After years building something from scratch — the clients, the team, the reputation — the idea of selling raises three fears that keep founders up at night.
1. “I’m going to leave money on the table.”
This one’s about preparation, not luck.
Buyers pay premiums for clean, predictable businesses. If your financials are a mess, your revenue is concentrated in two clients, or you can’t clearly articulate what drives growth — you will get discounted. Hard.
The fix: treat your business like a buyer is evaluating it 12 months before you ever want to sell. Clean EBITDA, diversified revenue, documented processes. The work you do now is what closes the valuation gap later.
2. “I’m going to lose control of something I built.”
This fear is real — and it’s worth sitting with.
But here’s what most sellers don’t realize: control doesn’t disappear at close.

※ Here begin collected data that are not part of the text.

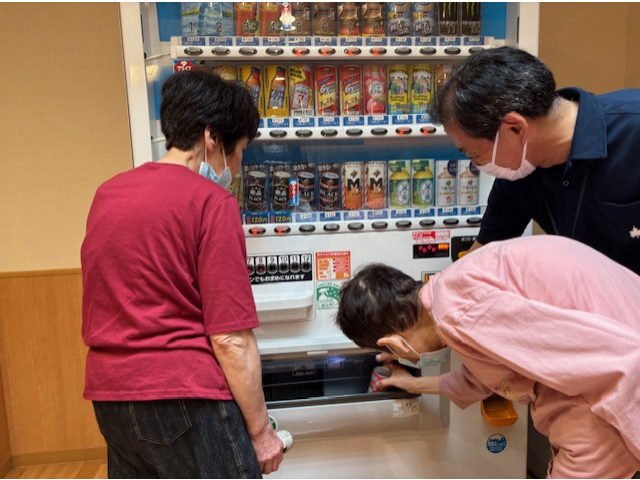 施設見学もさせていただき、苑内の自販機で、飲みたいジュースを購入して、一休み😍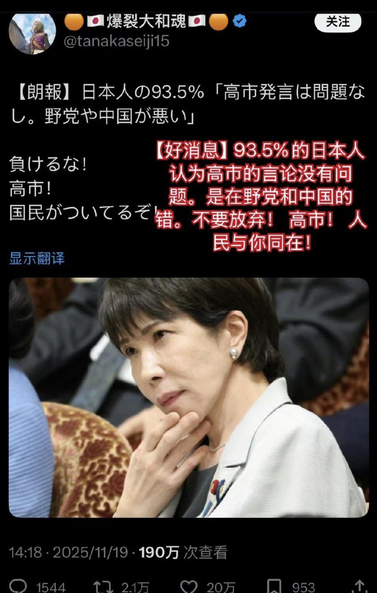 有日本人发文表示:好消息,在日本,有93.5%的日本人认为高市早苗的涉台言论没有问题,他们鼓励高市早苗不要放弃,他们与她同在,他们觉得这一切都是日本在野党和中国的错。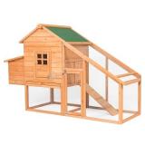 66in Outdoor Wooden Chicken Coop w/ Nesting Hen House Poultry Cage -Give your little animals a new place to call home with this 66-inch chicken coop. A multifunctional design acts as a home, nesting box, and backyard run for rabbits, chickens, ducks, and other poultry. Designed with a sliding access door and ramp, your animals easily can come and go while having easy access to food and water through the 2-section nesting box. This durable coop is sure to provide small animals with plenty of living space. FEATURES: Built with multifunctional design. Serves as a home, nesting box, and backyard run. Houses rabbits, chickens, ducks, and more. Sliding access door and ramp. 2-section nesting box. Easy access to food, water, and extract eggs. Capacity: 3-5 chickens (depending on size) IN FACTORY PACKAGING. RETAIL: $ 268.99 |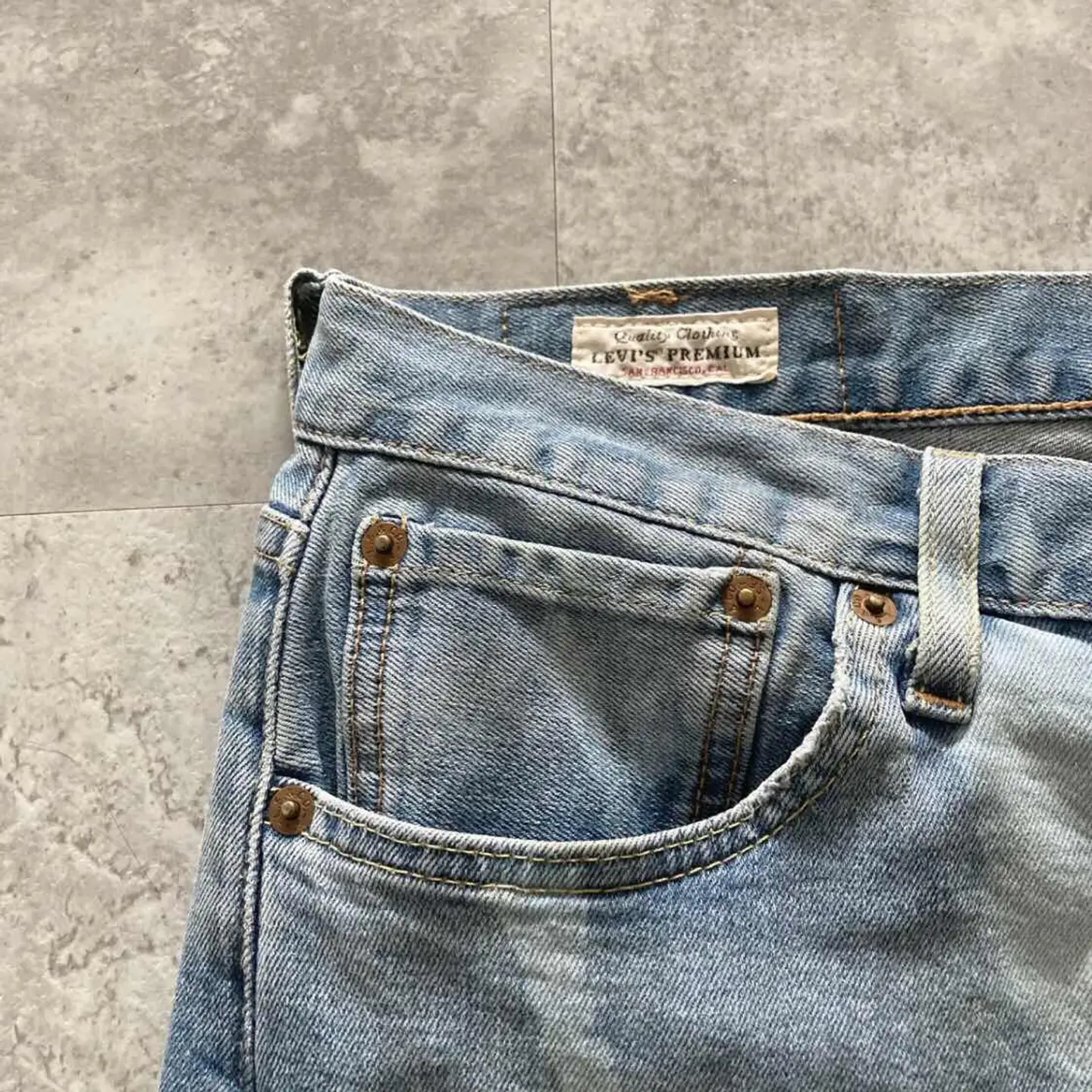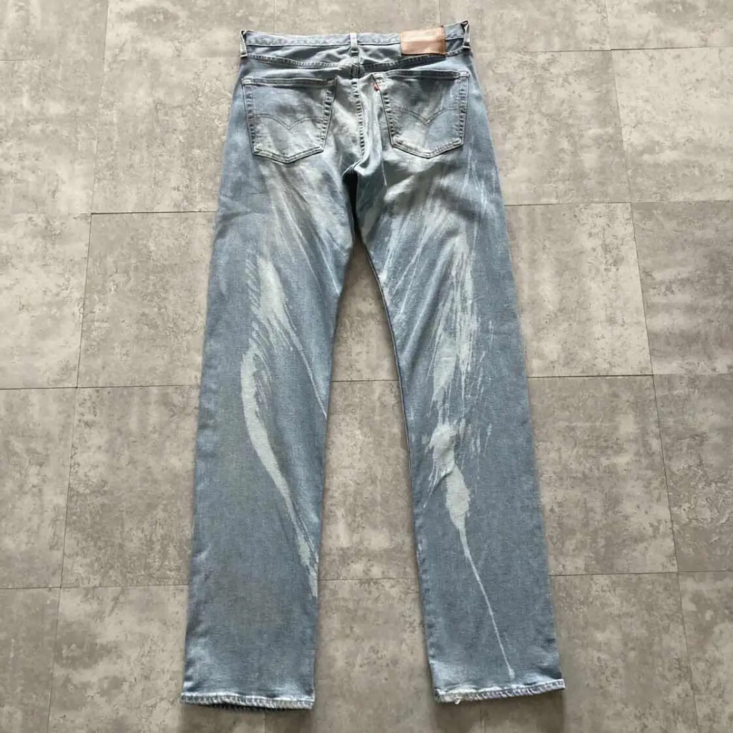 【W30 L34】Levis 501 PREMIUM レザーパッチ ボタンフライ 濃紺 デニムパンツ

It gets negotiated before close. Your post-close role, your decision-making authority, your team’s protections — all of it lives in the term sheet, not in a handshake.
The fix: Sellers who feel blindsided post-close almost always skipped this conversation in diligence. Don’t skip it.
3. “The buyer is going to screw me over.”
Sometimes this is a bad buyer. More often, it’s a good buyer and a bad process.
Misaligned expectations, vague earnout structures, loose reps & warranties — these are the things that turn a good deal into a bad experience. The antidote isn’t suspicion. It’s structure.
The fix: Work with an advisor who has seen enough deals to know where the traps are. Understand every clause before you sign anything. And remember: a buyer who resists transparency during diligence will not become more transparent after close.
→ Selling your agency doesn’t have to mean getting it wrong.
It means knowing what you’re walking into — and having the right people around you when you do.